DPR-RI Minta Kritik Konstruktif Masyarakat

Jakarta, SULUTREVIEW – Sebagai representasi rakyat, DPR-RI meminta kritik yang ditujukan bersifat konstruktif.

Mengingat selama ini, DPR sering medapat kritik masyarakat terkait kinerja di bidang legislasi, pengawasan dan anggaran.

“Hal itu adalah wajar, karena masyarakat khususnya LSM belum memahami tugas dan fungsi dewan yang sebenarnya. Tapi DPR minta kritik itu yang proporsional,” kata Wakil Ketua DPR RI Taufik Kurniawan dan Fahri Hamzah dalam diskusi ‘Refleksi 72 Tahun DPR RI’ di Kompleks Parlemen, Senayan Jakarta, Selasa (29/8).

Menurutnya seiring dengan kemajuan teknologi informasi saat ini maka membangun demokrasi yang maju membutuhkan sarana dan prasarana yang memadai untuk mendukung kemajuan itu sendiri. Namun, itu selalu dikaitkan dengan politik.

“DPR tak bisa menyalahkan masyarakat. Tapi, dalam 72 tahun DPR ini mari bersama-sama membangun DPR menuju kedewasaan demokrasi dengan kritikan konstruktif, ” ujar Waketum PAN itu.

Ke depan, mana yang menjadi isu politik, dan mana yang teknis yang bukan menjadi urusan DPR RI. Seperti halnya soal keuangan itu menjadi tanggungjawab kuasa pengguna anggaran, yaitu di pemerintah. Bukan DPR, ungkapnya. “Kuasa anggaran itu sepenuhnya ada di eksekutif. Bukan DPR,” tukasnya.

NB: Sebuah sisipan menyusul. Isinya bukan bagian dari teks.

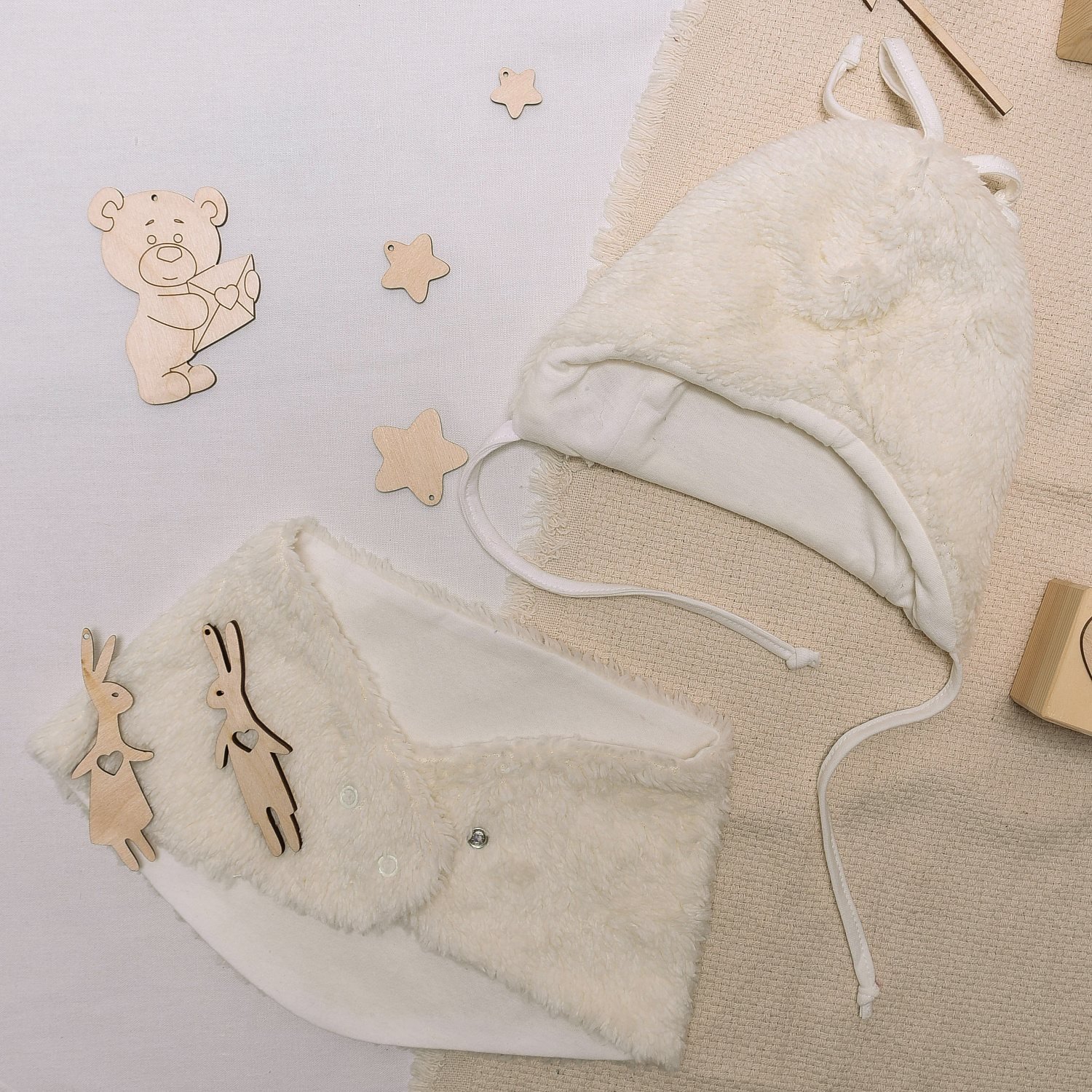 Комплект из снудика и шапочки на холодное время года. Выполнены из мерлушки снаружи и хлопка на внутренней стороне.

Sementara itu, Wakil Ketua DPR RI, Fahri Hamzah berkilah karena tradisi politik Indonesia bukan daulat rakyat, tapi daulat kerajaan. “Federasi, kesultanan, dan yang dipertuan agung seperti Malaysia. Dan, Indonesia tak mengambil sistem kesultanan itu, tapi demokrasi Pancasila,” ungkapnya.

Bahkan kata Fahri, Indonesia pernah mengambil demokrasi liberal, presidensialisme sehingga posisi rakyat lemah dan eksekutif lebih dominan. “Kalau mau blak-blakan, eksekutif itu absolut karena mereka ini mengendalikan uang negara secara 100 %,” sebutnya.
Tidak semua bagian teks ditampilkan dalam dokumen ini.